Department of Chemistry, Yale University , New Haven, Connecticut 06520, United States.
Chemical Biology Institute, Yale University , West Haven, Connecticut 06516, United States.
J Am Chem Soc. 2017 Mar 22;139(11):4195-4201. doi: 10.1021/jacs.7b00659. Epub 2017 Mar 10.
Modular polyketide synthases (PKSs) and nonribosomal peptide synthetases (NRPSs) comprise giant multidomain enzymes responsible for the "assembly line" biosynthesis of many genetically encoded small molecules. Site-directed mutagenesis, protein biochemical, and structural studies have focused on elucidating the catalytic mechanisms of individual multidomain proteins and protein domains within these megasynthases. However, probing their functions at the cellular level typically has invoked the complete deletion (or overexpression) of multidomain-encoding genes or combinations of genes and comparing those mutants with a control pathway. Here we describe a "domain-targeted" metabolomic strategy that combines genome editing with pathway analysis to probe the functions of individual PKS and NRPS catalytic domains at the cellular metabolic level. We apply the approach to the bacterial colibactin pathway, a genotoxic NRPS-PKS hybrid pathway found in certain Escherichia coli. The pathway produces precolibactins, which are converted to colibactins by a dedicated peptidase, ClbP. Domain-targeted metabolomics enabled the characterization of "multidomain signatures", or functional readouts of NRPS-PKS domain contributions to the pathway-dependent metabolome. These multidomain signatures provided experimental support for individual domain contributions to colibactin biosynthesis and delineated the assembly line timing events of colibactin heterocycle formation. The analysis also led to the structural characterization of two reactive precolibactin metabolites. We demonstrate the fate of these reactive intermediates in the presence and absence of ClbP, which dictates the formation of distinct product groups resulting from alternative cyclization cascades. In the presence of the peptidase, the reactive intermediates are converted to a known genotoxic scaffold, providing metabolic support of our mechanistic model for colibactin-induced genotoxicity. Domain-targeted metabolomics could be more widely used to characterize NRPS-PKS pathways with unprecedented genetic and metabolic precision.
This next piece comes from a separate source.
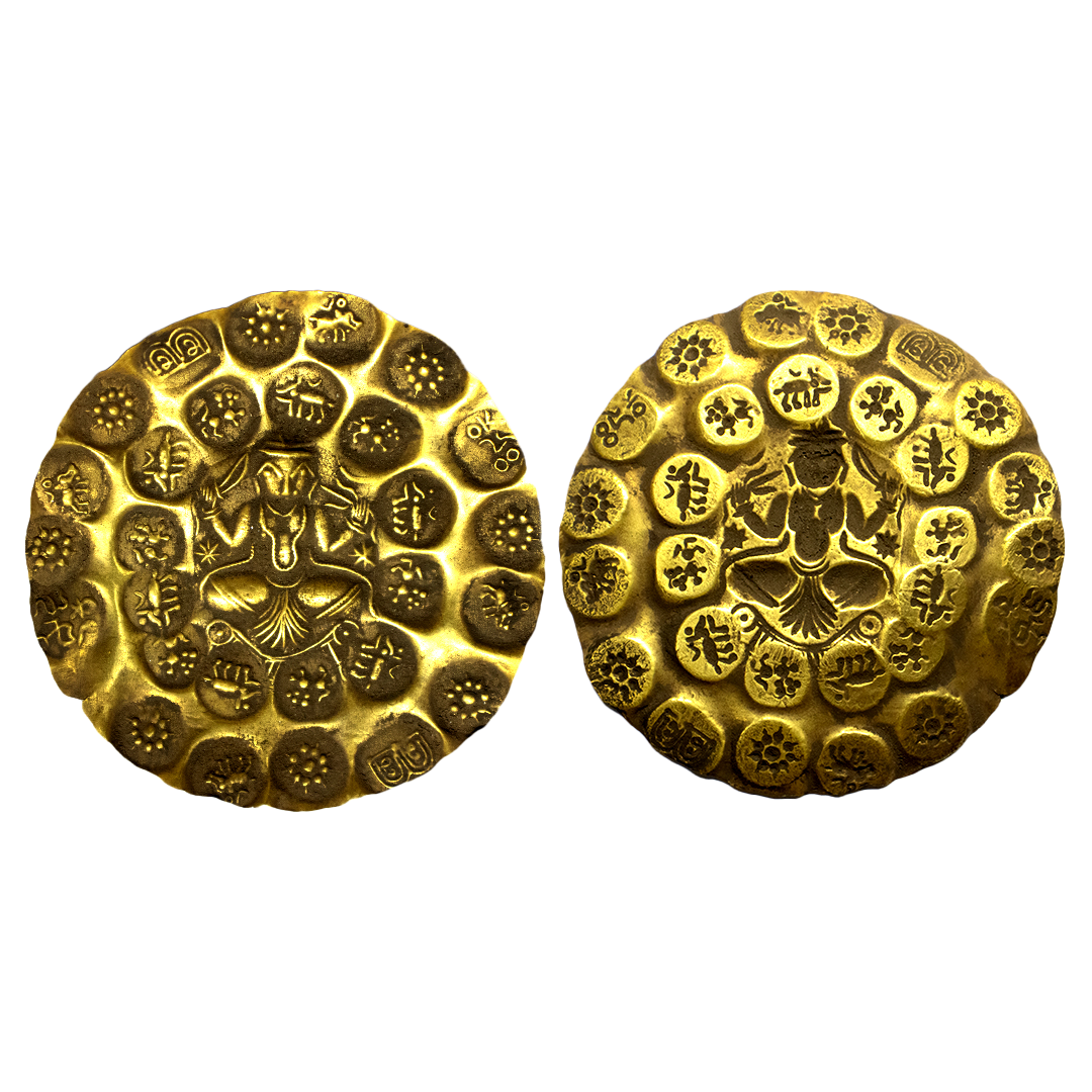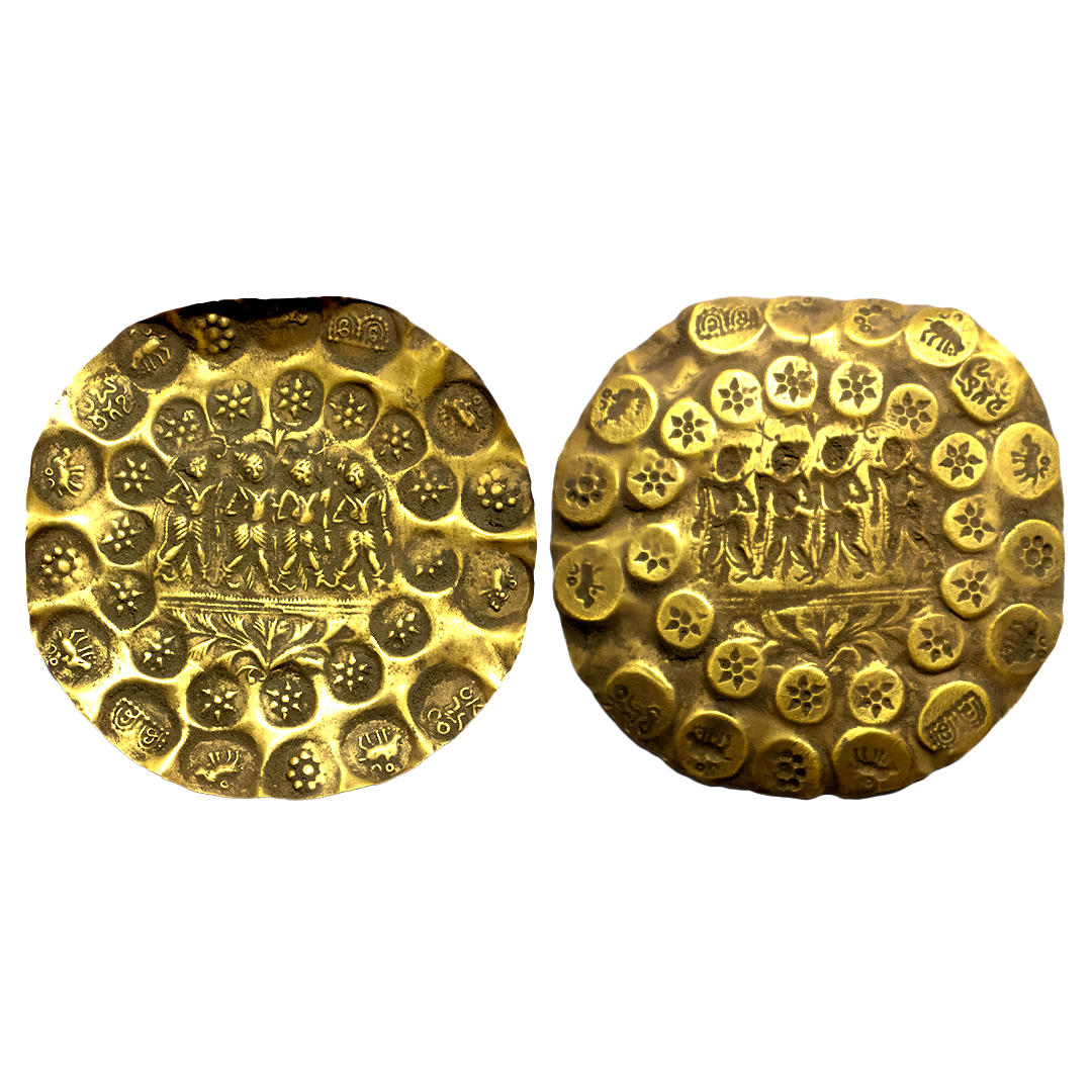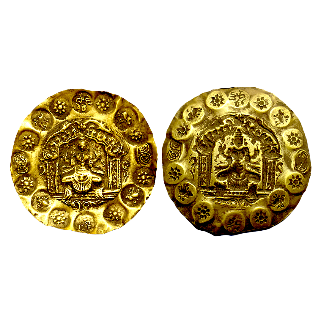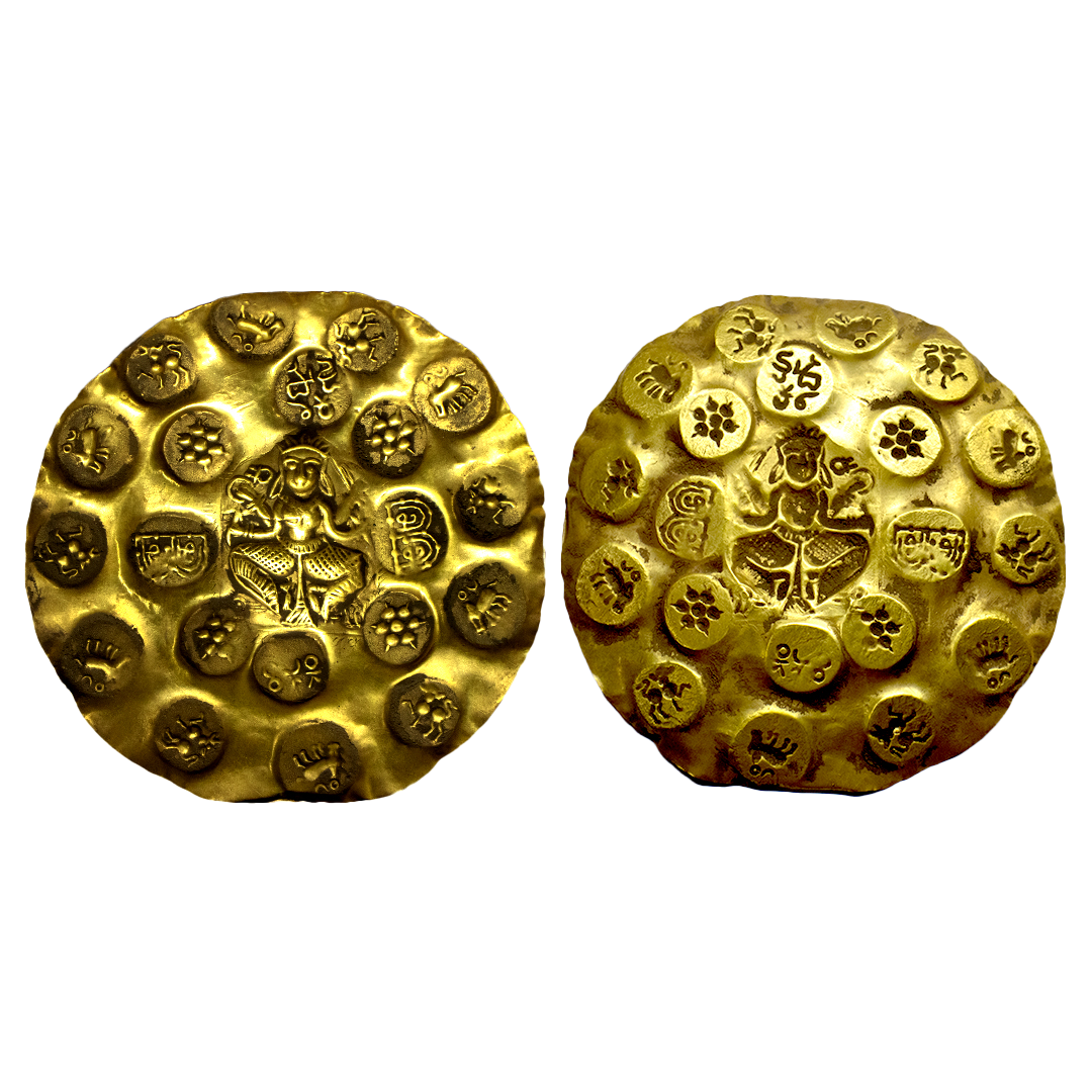 Kakatiyas of Warrangal, Prola- II (1110-1158 CE), Gold PMC, 2 ½ Gold Gadyana, ‘God Bhairava’ type, 9.90 gms, Total of 29 repousse punches on the obverse of a circular flan. The central punch depicts God Bhairava seated in Padmasana posture with Trishul in his left hand and Sword in his right hand. The other punches are struck in two concentric circular orbits. The inner orbit consists of 12 punches: 6x Lion facing left and 6x boar facing right with sun and moon above. The outer orbit consists of 16 punches: 8x boar facing left, 4x nine-petal lotus, 2x Kannada letter 'Sri-Sri', 1x Kannada legend 'Mandalika' and 1x Kannada legend 'Kesari', Almost Uncirculated, extremely rare.

模块化聚酮合酶 (PKSs) 和非核糖体肽合酶 (NRPSs) 组成了负责许多遗传编码小分子“装配线”生物合成的巨大多功能酶。定点突变、蛋白质生化和结构研究集中在阐明单个多功能蛋白和这些巨型合酶中蛋白结构域的催化机制上。然而,在细胞水平上探测它们的功能通常需要完全删除(或过表达)多功能编码基因或基因组合,并将这些突变体与对照途径进行比较。在这里,我们描述了一种“结构域靶向”代谢组学策略,该策略将基因组编辑与途径分析相结合,在细胞代谢水平上探测单个 PKS 和 NRPS 催化结构域的功能。我们将该方法应用于细菌 colibactin 途径,这是一种在某些大肠杆菌中发现的遗传毒性 NRPS-PKS 杂合途径。该途径产生 precolibactins,然后由专用肽酶 ClbP 将其转化为 colibactins。结构域靶向代谢组学使我们能够对“多功能签名”进行特征分析,或者对 NRPS-PKS 结构域对途径依赖性代谢组的功能贡献进行功能读取。这些多功能签名为 colibactin 生物合成中各个结构域的贡献提供了实验支持,并描绘了 colibactin 杂环形成的装配线时间事件。该分析还导致了两种反应性 precolibactin 代谢物的结构表征。我们在 ClbP 存在和不存在的情况下分析了这些反应性中间产物的命运,这决定了形成不同产物组的替代环化级联。在肽酶存在的情况下,反应性中间产物被转化为已知的遗传毒性支架,为我们的 colibactin 诱导遗传毒性的机制模型提供了代谢支持。结构域靶向代谢组学可以更广泛地用于以前所未有的遗传和代谢精度来表征 NRPS-PKS 途径。